- Born: Mahoto Watanabe (渡邉 摩萌峡, Watanabe Mahoto) December 8, 1992 (age 33) Saiki, Ōita, Japan
- Other names: Sashiman; Bema;
- Occupations: YouTuber; rapper;
- Years active: 2007–2021
- Partner: Yui Imaizumi (2021–2024)
- Children: 2

YouTube information
- Channels: Mahoto; Maho-chan Games; Mahoto Watanabe (terminated); Mahoto (terminated); ; ;
- Genre: Vlog
- Subscribers: 4.86 million (combined)
- Views: 2.89 billion (combined)
- Musical career
- Genre: Japanese hip hop;
- Labels: Neo Kinder Records (2013–2018); Avex (2019);
- Formerly of: Kaiware Hummer;

= Mahoto Watanabe =

Japanese YouTuber and rapper

Mahoto Watanabe (ワタナベマホト, Watanabe Mahoto) is a former Japanese YouTuber and rapper. He was part of the hip hop group Kaiware Hummer, releasing music under the stage name Bema.

Watanabe first began posting videos on Nico Douga in 2007 and transitioned to YouTube in 2010, becoming one of the first YouTube personalities on YouTube Japan. He gained popularity with his radical video style, but he was also known for his caring personality for his junior YouTubers, who called him "Oyakata". He is famous for having trained up popular YouTubers such as Tokai On Air, Avntis, and Hekitora House.

In January 2021, Watanabe allegedly solicited nude photos from an underage fan, which subsequently caused his agency Uuum to drop him as an act and YouTube to permanently ban his channel. In March 2021, he announced he was retiring from YouTube.

==Career==
On November 7, 2007, when Watanabe was in middle school, he posted on Niconico under the username Sashiman (サシマン). Watanabe began uploading to YouTube in 2010.
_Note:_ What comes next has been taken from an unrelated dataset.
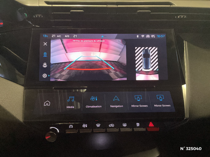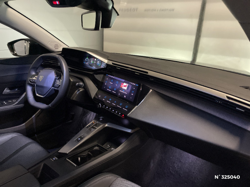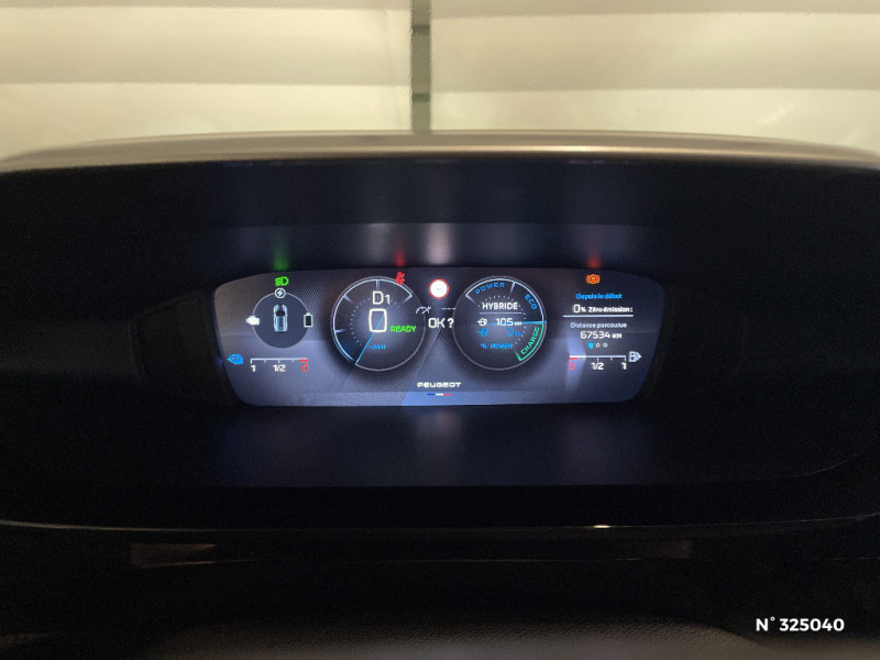 Accoudoir central AV avec compartiment de rangement / Ceintures de sécurité AV 3 points à enrouleur, avec prétensionneurs et limiteurs d'effort / Pompe à chaleur / 4 poignées de maintien / Réglage lombaire du siège conducteur / Airbags frontaux conducteur et passager adaptatifs (passager neutralisable par clé), airbags latéraux conducteur et passager AV.airbags rideaux de tête aux places AV/AR / Lève-vitres électriques AV/ AR et séquentiels avec anti-pincement / Chargeur embarqué 3,7kW / Lécheurs de vitres Noir Brillant / Pack Safety Plus Active Safety Brake piloté par caméra et radar / Air Quality System / Essuie-vitre AV à déclenchement automatique / Garnissage tri-matières TEP/Tissu Falgo, surpiqûres Bleu / Navigation connectée / Jantes alliage 17" Halong diamantées / Frein de stationnement électrique / Navigation connectée avec écran central tactile 10'' et écran avec iToggles virtuels personnalisables. Reconnaissance vocale en langage naturel. / Jantes alliage 17'' Calgary diamantées / Calandre AV Noir avec inserts chromés et écopes Noir / Capacité batterie 12,4kWh / Pare-brise teinté feuilleté acoustique / Rétroviseurs extérieurs avec éclairage d'accueil à LED et témoins de surveillance d'angles morts / Fonction Mirror Screen (Apple CarPlay/Android Auto) sans fil / Rétroviseurs extérieurs avec éclairage d'approche / Pré-conditionnement thermique et charge différée via l'écran central / Détection de sous gonflage / Sélecteur de modes de conduite (Electric, Hybrid, Sport) / Ciel de pavillon clair / Peugeot i-Cockpit avec combiné d'instrumentation numérique 10'' personnalisable / 2 prises USB-C à l'AV / Pré-conditionnement thermique via MyPeugeot ou l'écran central / Puissance batterie 100kW / Boîte de vitesse automatique (8 rapports) / Commutation automatique des feux de route / Rétroviseur intérieur photosensible / Câble de recharge mode 2 (10A, 2,3kW) pour prise domestique standard / Volant chauffant / Rétroviseurs extérieurs électriques, dégivrants et rabattables électriquement, avec répétiteurs de feux clignotants à LED / Pack Drive Assist - Régulateur de vitesse adaptatif avec fonction Stop&Go Maintient automatiquement la vitesse du véhicule à la vitesse de référence définie par le conducteur, et ajuste automatiquement la vitesse du véhicule pour garder une distance de sécurité avec le véhicule qui précède, conformément au réglage sélectionné par le conducteur. Maintient et ajuste la vitesse jusqu'à l'arrêt. Le redémarrage du véhicule est automatique si l'arrêt a été d'une durée inférieure à 3 secondes / Feux diurnes à LED sous projecteurs nouvelle signature Peugeot / 2 prises USB-C à l'AR / Kit de dépannage de pneumatique : compresseur 12 volts, flacon de produit de colmatage, anneau de remorquage, deux cales de roue, manivelle de frein de stationnement électrique / ESP avec fonction Hill Assist (Aide au démarrage en pente) / Vitres latérales AR et lunette AR surteintées / Alerte attention conducteur / Ceintures de sécurité AR 3 points à enrouleur (x3) avec prétensionneurs et limiteurs d'effort aux places latérales / Alerte active de franchissement involontaire de ligne et bas côté / Bandeau entre feux AR Noir brillant / 2 télécommandes 3 boutons / Air Quality System (sonde de pollution, couplée à un filtre à charbon actif Haute Efficacité) / 4 poignées de maintien (2 à l'AV et 2 à l'AR) / Pack Safety Plus / Monogrammes latéraux Hybrid / Jupe AR Noir Brillant avec décors chromés / Diffuseurs d'air aux places AR / Trappe à ski (Rang 2) / Planche de bord avec jonc transversal peint et décor textile Texa
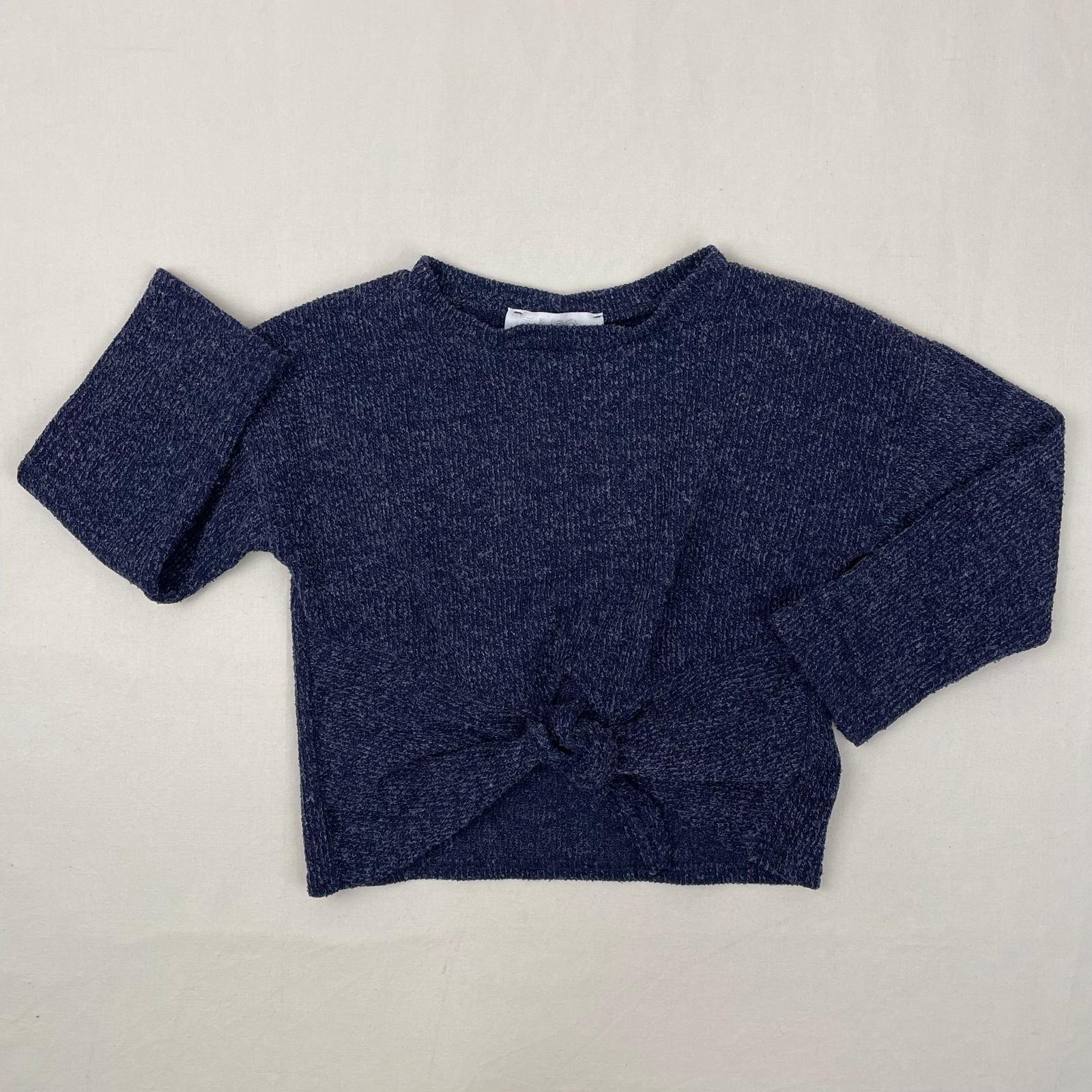 Autres commentaires : Pull bleu marine avec fils gris, noeud en bas devant, 10% viscose, 4% élasthanne.

In 2013, after signing with Genesis One, Watanabe became a member of the hip hop group called Kaiware Hummer with his fellow member Imiga and began his career as a rapper. Kaiware Hummer released their debut album, Beginner, under Neo Kinder Records on July, 12 2014. In addition, Watanabe released his debut solo album, Shinryakuteki Sukima, on November 26, 2016. In 2015, Watanabe made his acting debut in the Squash Films' drama titled Dancing Office Worker.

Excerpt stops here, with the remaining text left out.